Bridge Biotherapeutics shares tanked on Wednesday, as the company did not rule out the possibility of Boehringer Ingelheim’s return of its rights for BBT-877, idiopathic pulmonary fibrosis (IPF) treatment candidate.
As of 12:30 p.m., the company’s shares stood at 30,300 won ($25), down 17.44 percent from the previous trading day.
Bridge Biotherapeutics licensed out the candidate in July last year. The company announced that it would receive 45 million euros as an upfront fee and short-term milestone and up to 1.1 billion euros as rewards for clinical development, licensing, and sales milestone payment.
Boehringer Ingelheim agreed to also provide additional royalties if they managed to commercialize the treatment candidate.
The clinical trial for BBT-877 was expected to begin in July this year as the accord outlined that tests for the candidate would start within 12 months of the agreement. However, the company deleted the clinical trial guidance contents that specified the timing of the second phase clinical trial in June after Boehringer Ingelheim announced that BBT-877 needed additional testing, making it difficult for the drug to enter phase 2 clinical trial in July.
“We had predicted that the phase 2 clinical start would start in July, but due to various factors, it has become difficult to initiate the phase 2 clinical trial on schedule, while a new start schedule cannot be proposed,” the company said. “Still, the change in the clinical trial guidance does not mean the cancellation of our license-out agreement with Boehringer Ingelheim."
Nevertheless, the company acknowledged the possibility of Boehringer Ingelheim’s return ofits rights for the candidate drug, during its investor relations (IR) conference call on Tuesday.
"During the last IR conference call, we said that we did not know when the phase 2 clinical trial would start," a company spokesperson told Korea Biomedical Review. "This time around, however, we discussed the development plan with Boehringer Ingelheim on why the phase 2 clinical trial was postponed and what would happen in the future."
The official stressed that while the preclinical trial for the candidate is over, Boehringer Ingelheim said that it wanted to conduct additional tests to check the candidate's toxicity.
"The toxicity test will be done in two parts -- main and preliminary test -- and currently we plan to enter the preliminary test stage," the official said. "The results of the additional toxicity test will likely determine whether Boehringer Ingelheim will continue to develop it or return the right."
Based on discussion with Boehringer Ingelheim, the company said it sees two future options for the drug.

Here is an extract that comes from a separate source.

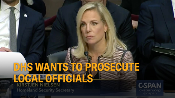 In testimony before Congress yesterday, Secretary of Homeland Security Kirstjen Nielsen confirmed that her agency is seeking the prosecution of state and local officials in jurisdictions that limit their entanglement with federal immigration enforcement.

"If the candidate passes the preliminary test, Boehringer Ingelheim will likely continue to develop the candidate and proceed to the main test," she said. "After the main test is over, the company expects that phase 2 clinical trials start by 2023."
If the preliminary test results do not satisfy Boehringer Ingelheim, however, there is a possibility that the company will return the rights to Bridge Biotherapeutics, she added.
In case Boehringer Ingelheim returns the rights for the substance, Bridge Bio plans to develop the drug independently.
"We may also look for another license partner for phase 2b clinical trials, and the research needs to go on for its commercialization," she said. "Whether Boehringer will continue to develop or return the rights of the drug will be decided after the preliminary examination results come out, probably in December."
Also, even if Boehringer returns the drug's rights to Bridge Bio, there is no obligation for the latter to return 45 million euros that it received as a down payment and milestone paid according to the success of phase 1 clinical trials and related research, the official added.